Taylor v. Citizens Federal Savings & Loan Ass'n

846 F.2d 1320, 1988 U.S. App. LEXIS 7893
CourtCourt of Appeals for the Eleventh Circuit
DecidedJune 13, 1988
DocketNo. 87-7406
StatusPublished
Cited by9 cases

This text of 846 F.2d 1320 (Taylor v. Citizens Federal Savings & Loan Ass'n) is published on Counsel Stack Legal Research, covering Court of Appeals for the Eleventh Circuit primary law. Counsel Stack provides free access to over 12 million legal documents including statutes, case law, regulations, and constitutions.

Bluebook
Taylor v. Citizens Federal Savings & Loan Ass'n, 846 F.2d 1320, 1988 U.S. App. LEXIS 7893 (11th Cir. 1988).

Opinion

HENLEY, Senior Circuit Judge:

Leo and Bernice E. Taylor filed this suit on behalf of themselves and a putative class of persons holding mortgage loans against the Citizens Federal Savings and Loan Association, seeking compensatory and punitive damages for alleged violations of the Home Owners’ Loan Act of 1933 (HOLA), 12 U.S.C. §§ 1461 to 1468. Plaintiff Leo Taylor died after suit was filed, leaving Bernice E. Taylor as the only named plaintiff.

In 1958 the Taylors signed a thirty year promissory note payable to Citizens Federal’s predecessor in interest and secured by a mortgage on the Taylors’ home. The Taylors’ complaint alleged that Citizens Federal violated regulations promulgated under HOLA. It was said that Citizens Federal violated 12 C.F.R. § 545.34(b) by adding the interest for late or missed payments to the principal, thereby establishing a prohibited late charge. The Taylors further alleged that Citizens Federal failed to apply the full amount of prepayments to reduce the principal balance as required by 12 C.F.R. 545.35(c). Citizens Federal also allegedly violated former 12 C.F.R. 545.6-11 by improperly and unlawfully deducting from the Taylors’ periodic installment payments amounts in excess of those required for purposes of escrow accounts set up to provide for insurance and property taxes. In addition to the HOLA claims, plaintiffs also asserted state causes of action for breach of contract, fraud, conversion, and breach of a fiduciary duty.

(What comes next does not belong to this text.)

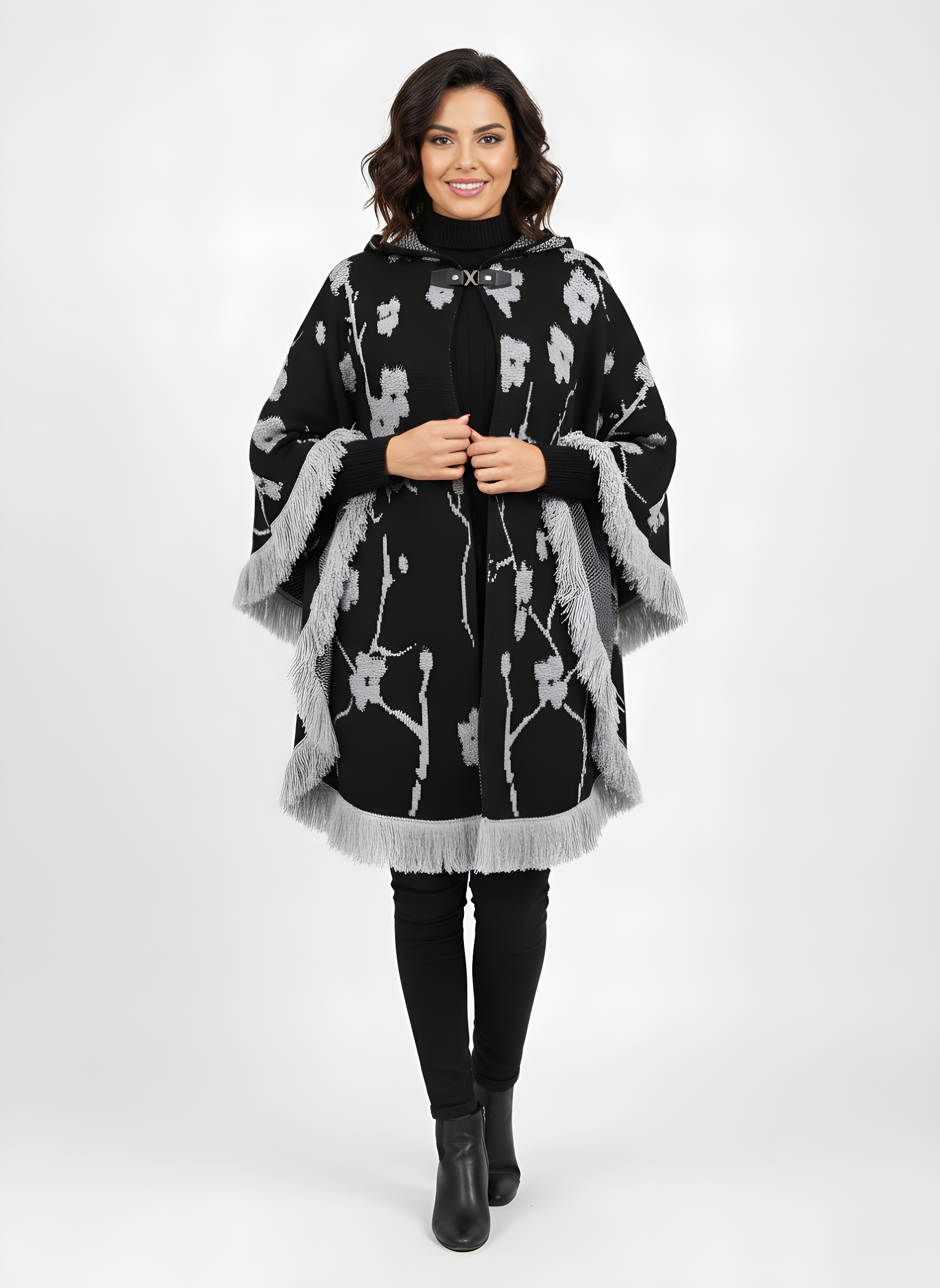 Kış mevsiminin soğuk günlerinde şıklık ve koruma sunan bu kadın panço, kabartmalı çiçek desenleri ve fonksiyonel kapüşon tasarımıyla dikkat çekiyor. Siyah-gri tonlarındaki zarif renk geçişleriyle panço modelleri arasında öne çıkan bu ürün, soğuk havalarda hem sıcak tutuyor hem de tarzınızı tamamlıyor.

Citizens Federal responded to the complaint with a motion to dismiss, asserting that the district court lacked subject matter jurisdiction under 28 U.S.C. § 1331 because HOLA does not provide for a private right of action. In response to the motion to dismiss, Taylor argued that HOLA granted her an implied cause of action, or, in the alternative, that the district court could fashion a federal common law remedy for violations of HOLA. The district court granted the motion and dismissed the complaint without prejudice to prosecution of non-federal claims. Taylor appeals. We affirm.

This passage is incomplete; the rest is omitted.